No. 444.

506 F.Supp. 648 (1981)


Judicial Panel on Multidistrict Litigation.



This litigation presently consists of nine actions pending in seven districts as follows:1

   Northern District of Illinois          2
   Eastern District of Pennsylvania       2
   Southern District of Florida           1
   Northern District of Georgia           1
   District of Massachusetts              1
   District of Minnesota                  1
   District of New Mexico                 1

Generally, all actions in this litigation involve claims seeking adjustment of United States Census Bureau tabulations to correct for projected undercounts at state and substate levels regarding the 1980 census. The complaints in many of the actions also contain allegations of negligence or malfeasance attributable to local Census Bureau officials or policies in the particular geographic areas that are the subjects of the respective complaints. The plaintiffs in these nine actions include state governments, local governments and representatives of various minority groups. The defendants are the United States, federal agencies and/or federal officials.2

The federal defendants in the nine actions have moved the Panel to transfer, pursuant to 28 U.S.C. § 1407, all actions to the District of the District of Columbia for coordinated or consolidated pretrial proceedings. Plaintiffs in the two Illinois actions and the Massachusetts, Georgia and Florida actions oppose transfer of their respective actions. Plaintiffs in the two Pennsylvania actions either support or do not oppose centralization of the statistical adjustment claims among the actions in this litigation, but these plaintiffs object to centralization of the other claims in this litigation. Further, the Pennsylvania plaintiffs favor selection of the Eastern District of Michigan as the transferee forum for the statistical adjustment claims. The New Mexico plaintiffs state that they, too, do not object to centralization of the statistical adjustment claims, but only after the other claims in the New Mexico action have been disposed of by the New Mexico district court.

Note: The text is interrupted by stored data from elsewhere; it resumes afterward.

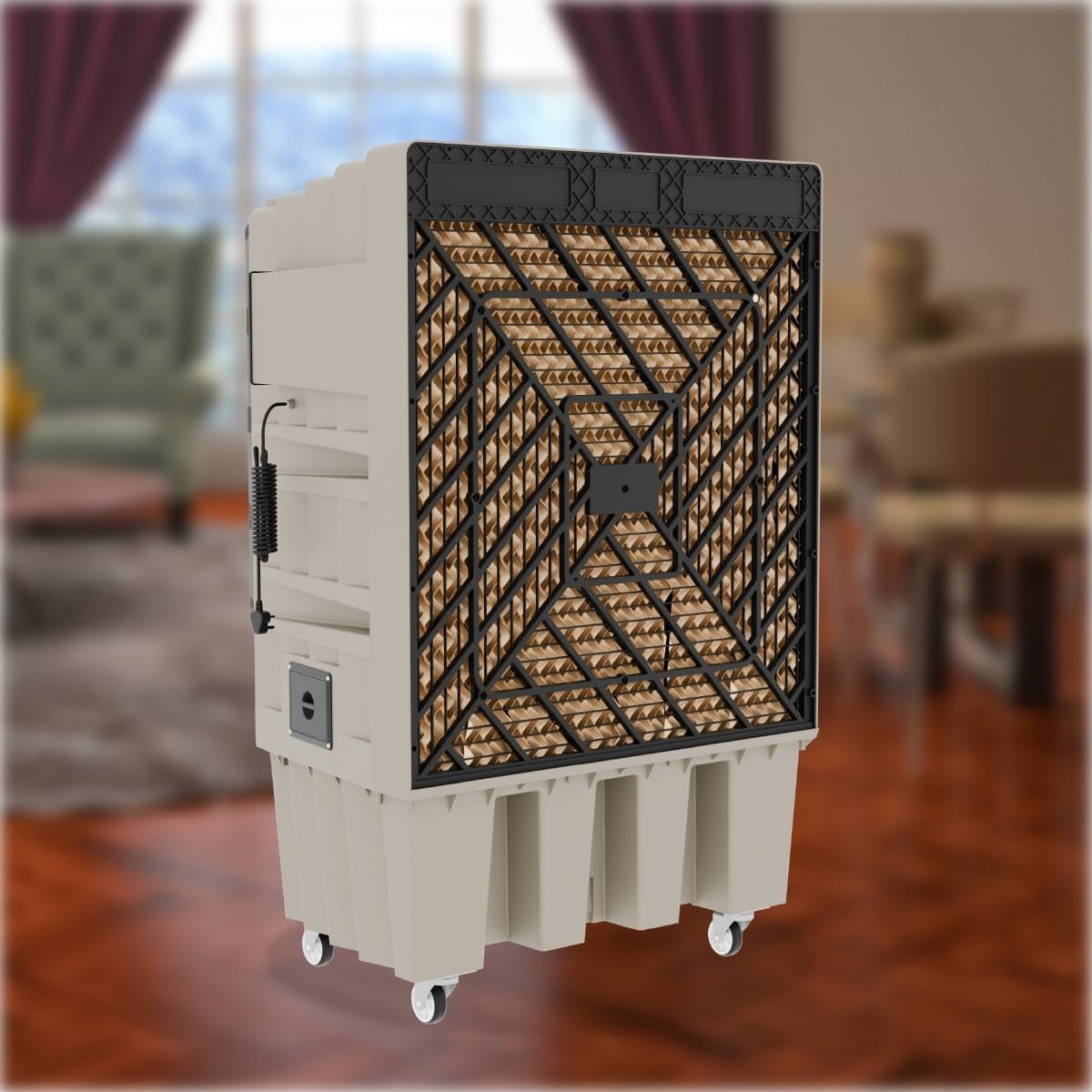 The motorized auto louvers provide uniform air distribution, covering a wide area efficiently. This automatic louver movement optimizes cooling, making it ideal for industrial, commercial, and outdoor spaces.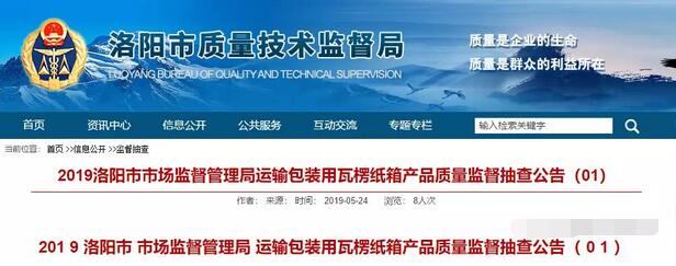 近日,洛陽市市場監督管理局發布抽查公告稱,洛陽市質量技術監督檢驗測試中心于2019年第1季度,對全市范圍內運輸包裝用瓦楞紙箱生產企業進行市監督檢查。
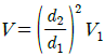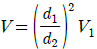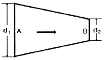 그림과 같은 원형관에 비압축성 유체가 흐를 때 A단면의 평균속도가 V1일 때 B단면에서의 평균속도 V는?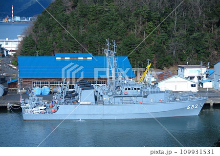 海上自衛隊の舞鶴基地、停泊中の掃海艇「のとじま」と僚船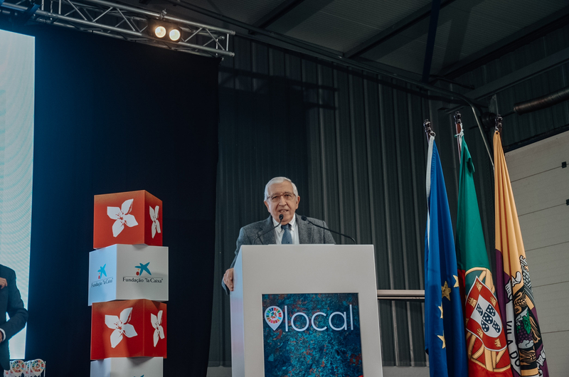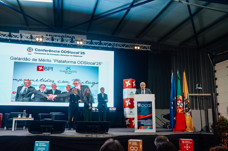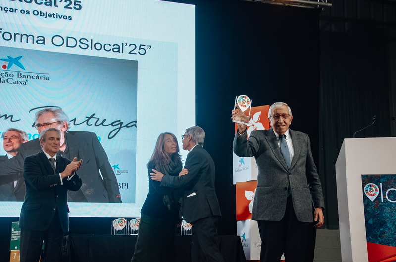 Artur Santos Silva, curador da Fundação "la Caixa“ agradecendo o Galardão de Mérito "Plataforma ODSlocal'25", na presença de José Pena do Amaral e Maria João Cabral (ambos Fundação ”la Caixa”) e na presença de João Ferrão, Coordenador da Plataforma ODSlocal

We find that the nine actions before us in this litigation raise common questions of fact and that centralization under Section 1407 of these actions in the District of Maryland will best serve the convenience of the parties and witnesses and promote the just and efficient conduct of the litigation.

Opponents to transfer argue that the decision in Young in the Eastern District of Michigan has resolved whatever common questions of fact that may have existed among these actions and that now local issues predominate. We are unpersuaded by these objections. Young is presently the subject of an appeal and may or may not have any conclusive effect on the actions in this litigation. In the interim, these actions will continue to share complex questions of fact concerning the existence, extent and distribution of any national undercount and the existence and utility of statistical methods to correct for national and local undercounts. Transfer under Section 1407 is thus necessary in order to avoid duplicative discovery and minimize inconsistent pretrial rulings. Movants have stressed that timely reporting of census data is of the utmost importance, and centralization of these actions in a single district will help to eliminate any delays which may otherwise have arisen as a result of the pendency of the related actions in many different districts. Finally, centralization will permit a single judge to determine uniformly any collateral estoppel questions which might arise as a result of the disposition of the issues in Young. See, e. g., In re Suess Patent Infringement Litigation, 331 F.Supp. 549, 550 (Jud.Pan.Mult.Lit.1971).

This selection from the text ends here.